Cuando conocí la Economía de Comunión (EdC), me sentí completamente identificado con su trasfondo y su dinámica de trabajo, que se basa en una sostenibilidad económica alejada del capitalismo. Desde hace cuatro años trabajo con mi padre en una tienda de máquinas de coser y al llegar pensé cómo podía aplicar la EdC en mi trabajo.
En un año o quizá dos él seguramente se jubile y tenga que quedarme yo al cargo. Para mí es una gran oportunidad para centrar el valor de la persona. En este negocio existe mucha competencia y trabajo sumergido, que al no requerir infraestructura ni pagar impuestos tienen más ganancia. Nosotros preferimos destacarnos del resto, siendo quizá un poco más caros, pero con la garantía de que el trabajo debe salir perfecto. Mi padre me dice siempre que cuando haga algo, lo haga como si fuese para mí mismo, y que no hay que devaluar ni infravalorar el trabajo que estás realizando.
Una vez escuché que realmente entiendes la EdC cuando ves la pobreza y sientes la necesidad de ayudar. En mi tienda, intentamos recoger las máquinas que la gente va a tirar, las arreglamos y las mandamos a familias necesitadas. En el Congo, por ejemplo, ya hay 23 familias comiendo gracias a esas máquinas que enviamos. Más que mandarles dinero, se trata de dignificar a la persona dándoles las herramientas para que puedan valerse por sí mismos.

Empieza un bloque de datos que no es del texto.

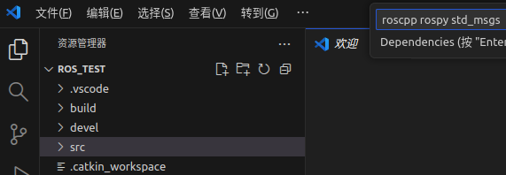这里先创建自定义包的名字ros_sample,然后按entet,再次输入具体的功能包,这里是roscpp、rospy、std_msgs。
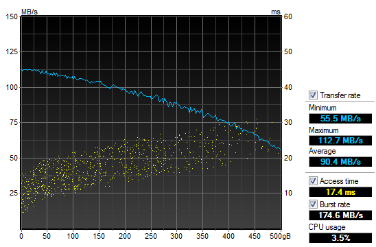 As you have seen in the past, HD Tune does not provide us with pretty independent graph outputs, and so I had to edit our screenshot to make it more suitable for publishing in a review. Again, we see a similar curve as reflected in the previous HD Tach graph. Numbers are a bit lower in magnitude, probably due to differing algorithms used, but the characteristics are similar in practice. The average works out to around 90.4MB/s, with a maximum peak of 112.7MB/s and a minimum of 55.5 MB/s. The latency of 17.4ms once again lines up with our past results in AIDA64 and HD Tach.
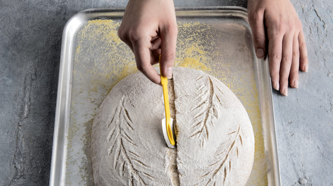 9) Togliete l'impasto dal frigorifero, spolverizzatelo con la farina di mail e trasferitelo su un foglio di carta da forno in modo che la paste liscia sia rivolta verso l'altro. Con una lametta affilata incidetelo a piacere (tenere presente che durante la cottura si distenderà maggiormente lungo la direzione delle incisioni) e trasferitelo subito sopra la piastra di refratterio (o sulla teglia).
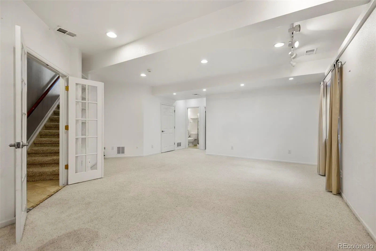 The upper level also hosts two additional bedrooms, a full bath with heated floors, and a convenient laundry room. Downstairs, the fully finished basement can serve as a fourth bedroom suite, game room, or den — complete with French doors, walk-in closet, and a 3/4 bath.
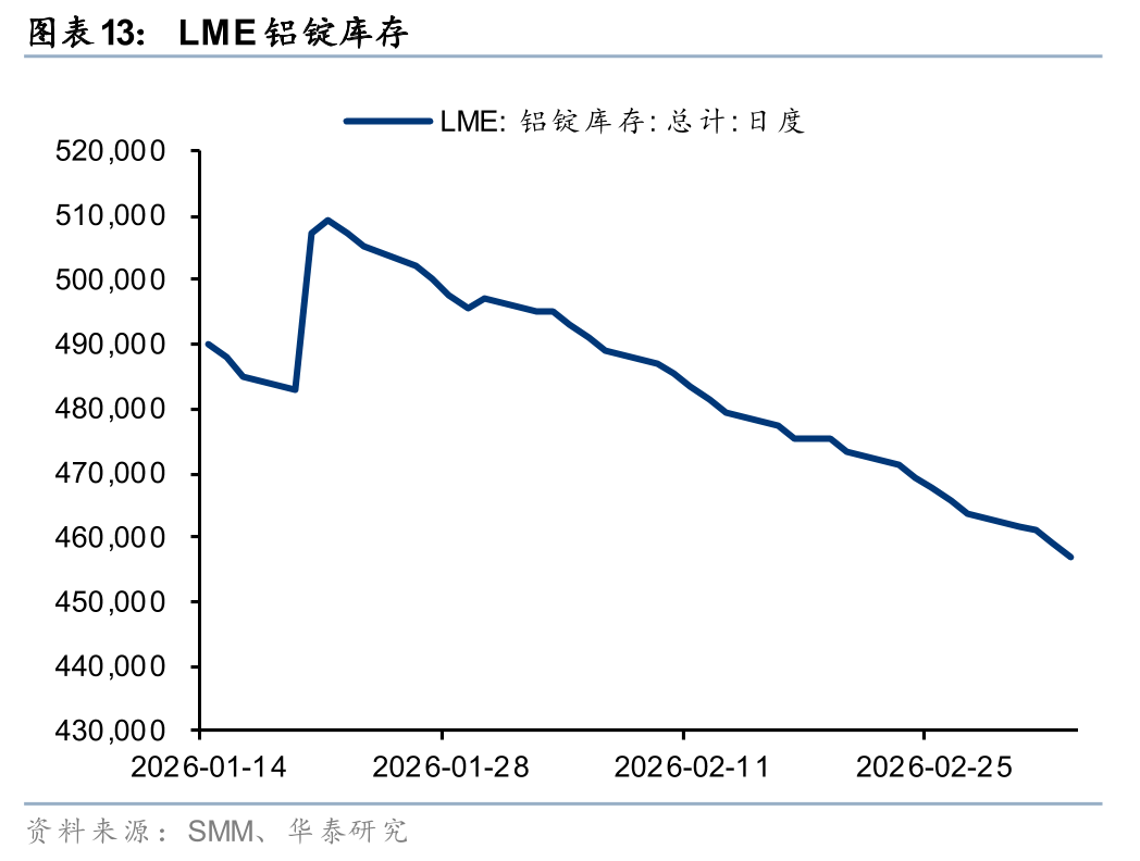 据咱们测算,中东地区电解铝产能占天下约9%,该地区地缘扰动对举座铝供给影响较大。跟着近期中东阵势合手续升级,卡塔尔铝业、巴林铝业等产能已受到本质性影响,咱们测算2026年天下电解铝供给增速或降至约1.0%,供需缺口有望进一步扩大至130万吨以上。在本次地缘冲突合手续2个月以上的情景假定下,天下现货供应弥留程度或彰着加重,LME铝市集存在较大逼仓风险,短期咱们觉得铝价有望上探4000好意思元/吨。若扰动合手续时候达到6个月以上,能源核心价钱抬升将导致电解铝潜在减产风险从中东扩散至欧洲等地,铝价上行天花板或进一步翻开。
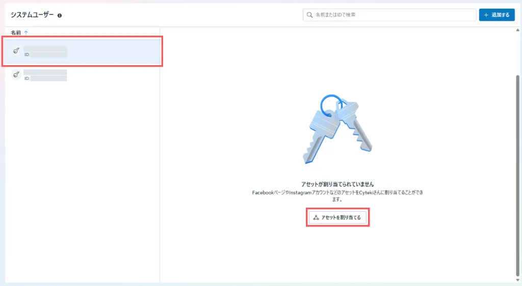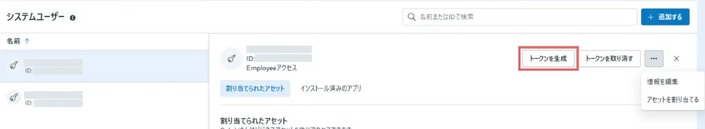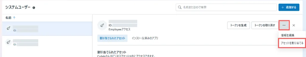 ①作成したシステムユーザーをクリックし、「アセットを割り当てる」を押します。
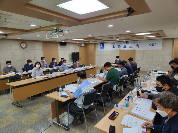 사진/ 지난해 10월 ‘수원시 환경보건종합계획 연구용역 최종보고회’에서 수원시 관계자와 전문가 등이 내용을 논의하고 있다.(사진제공=수원시)
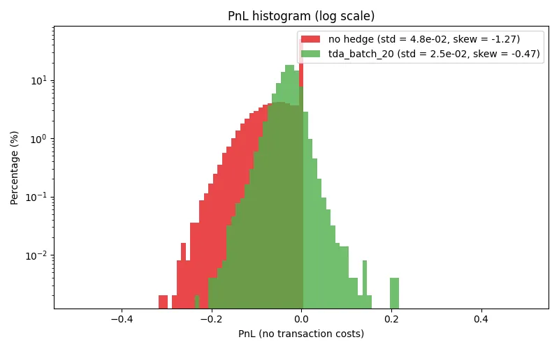 Deep hedging uses recurrent neural networks to hedge financial products that cannot be fully hedged in incomplete markets. Previous work in this area focuses on minimizing some measure of quadratic hedging error by calculating pathwise gradients, but doing so requires large batch sizes and can make training effective models in a reasonable amount of time challenging. We show that by adding certain topological features, we can reduce batch sizes substantially and make training these models more practically feasible without greatly compromising hedging performance.
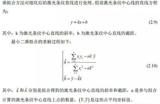 選取激光條紋中心線上的兩個點作為激光條紋的特征點,為了提高激光條紋中心線的提取精度,利用最小二乘法擬合方法對細化后的激光條紋直線進行處理。
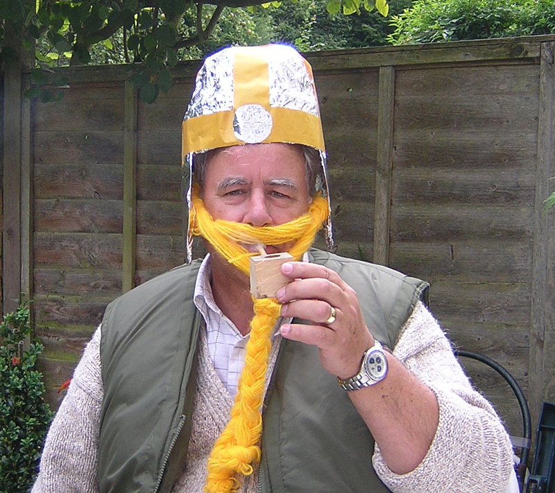 shirt and waistcoat. His beard etc., was made from wool and his helmet
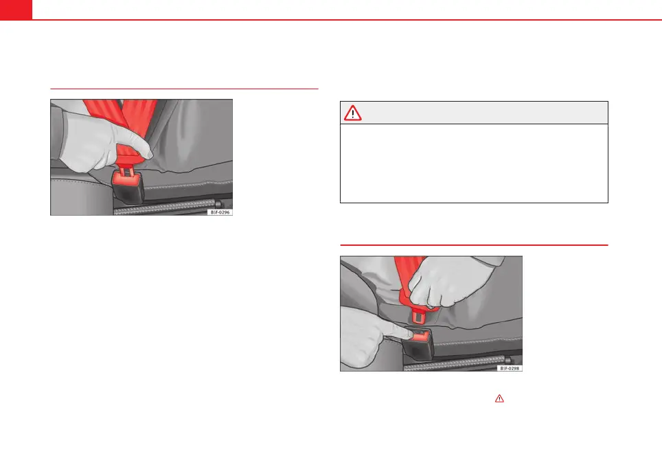 – Press the red button on the belt buckle ⇒ Fig. 12. The latch
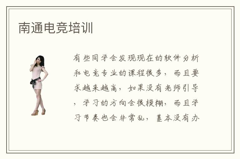 有些同学会发现现在的软件分析和电竞专业的课程很多,而且要求越来越高,如果没有老师引导,学习的方向会很模糊,而且学习节奏也会非常乱,基本没有办法在规定时间内掌握重要内容,一些同学感觉这些专业实在太难超过自己的理解能力,所以想参加南通电竞培训,得到更多老师的系统性操作。电竞培训有哪些课程,电竞培训机构的课程很丰富,有的同学刚刚起步,不知道有哪些内容可以报名,辅导班老师不仅会分享经验,也能帮助学员们扫清各种学习障碍,工作上拥有许多突破,找到更好的表现机会。电竞入门课程自学难吗,电竞入门课程有一些难度,如果只是自学理解起来会比较艰难,也未必能够理解准确,不如有老师指定课程,一方面可以加快学习步伐,另一方面可以理解,更加透彻。
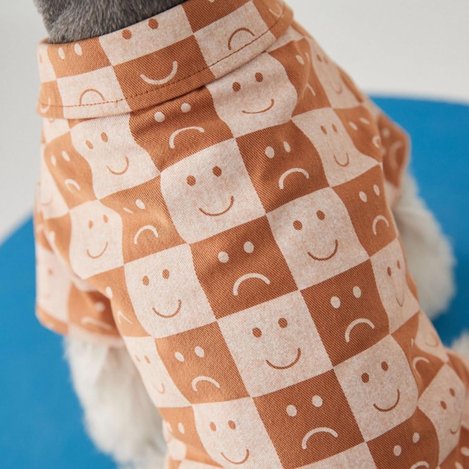 ファッショナブル:この犬のデニムシャツには、チェッカーとスマイリーフェイスパターンがあり、犬に性格の魅力を追加します。ファッショナブルで楽しい。それはエネルギーに満ちていて、あなたの犬の幸せで活気のある側面を示すことができます
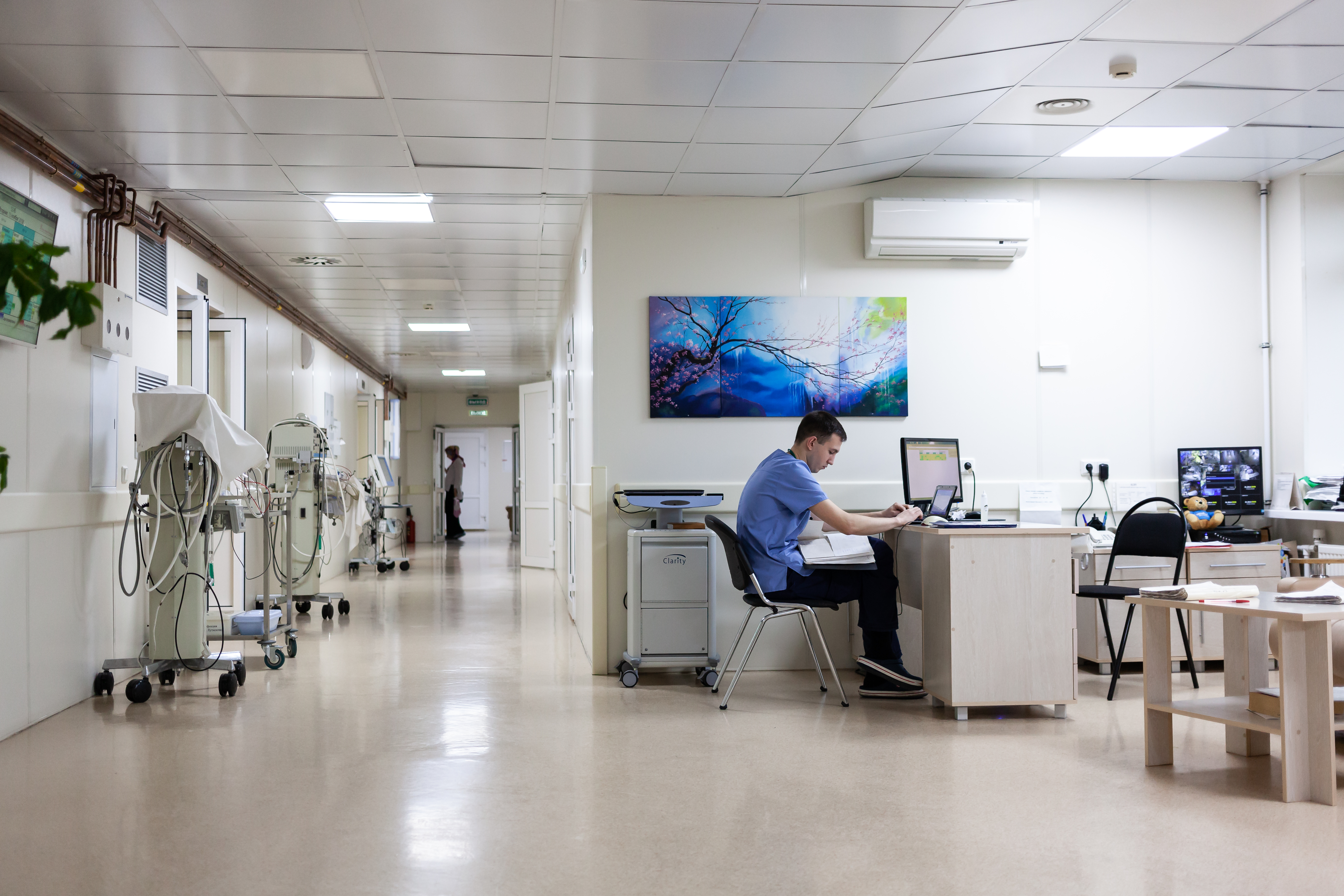 39 отделение — единственная реанимация в России, занимающая два этажа. На каждом из них по четыре поста: огромные комнаты, напичканные сложным оборудованием и кювезами, похожими на мини-МКС: датчики, провода, мониторы с цифрами. Двойные стенки, укрывающие от лишнего шума, индивидуальный температурный режим, микроклимат.
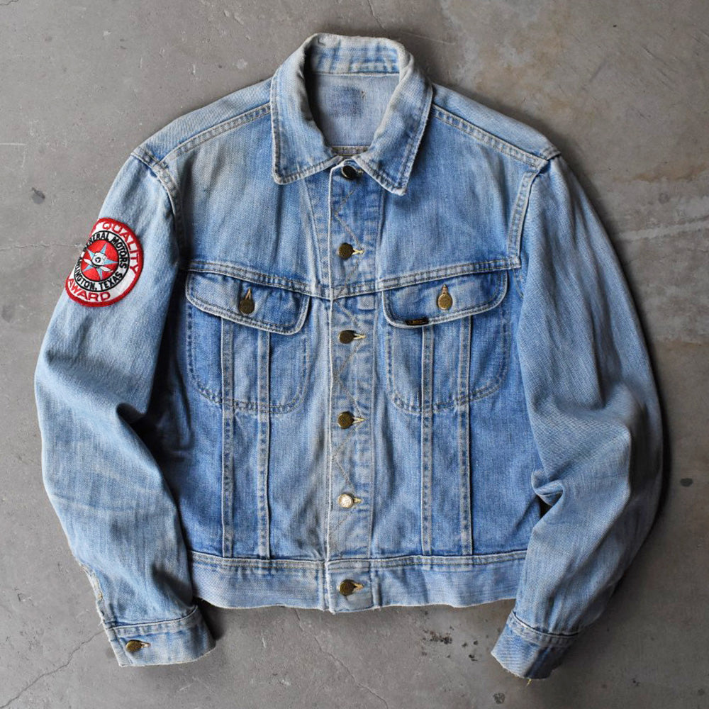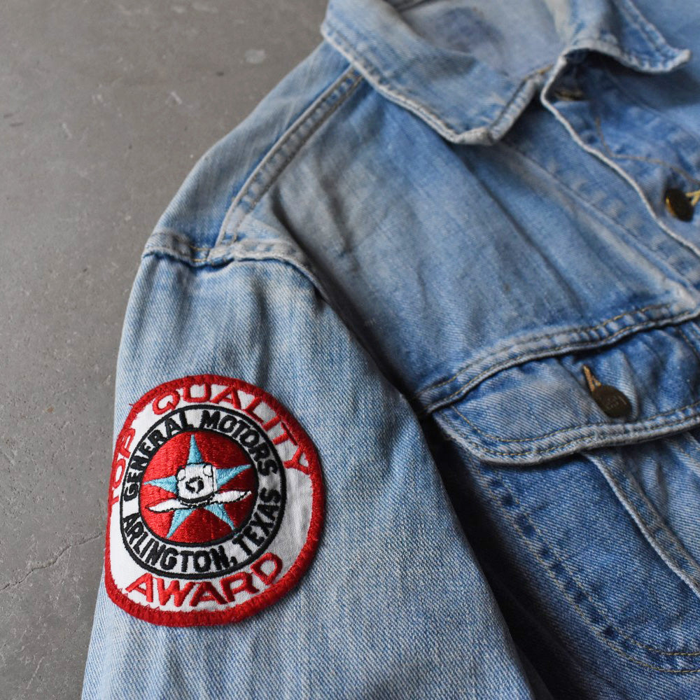brand... Lee date...1970 measuring_size...48cm/53cm/55cm/61cm (Shoulder width[肩幅]/body width[身幅]/Body Length[着丈]/Sleeve Length[袖丈]) condition...シミ、汚れ。スレ、小穴。襟元リペア跡。タグ欠損。着用感。 note... 70年代の Lee 101-J をベースにしたカスタムの一着。 袖には General Motors Arlington工場 “TOP QUALITY AWARD”、背中には WHITE TRUCKS の大判パッチ。 どちらも現場で実際に使われていたタイプで、ワーカーの体温ごと受け継いだような説得力があります。

Podríamos coger esas máquinas que quieren tirar y desguazarlas para vender sus piezas y así ganar más dinero, pero sentíamos esa necesidad de ayudar de alguna forma a gente que lo necesite. Para nosotros no se trata de ganar más y actuar como hace la mayoría de la sociedad capitalista, sino de poner realmente a las personas en el centro de la empresa, ofreciendo apoyo tanto personal como profesional, y, sobre todo, dando una calidad sincera y humana a las relaciones que en el día a día construimos.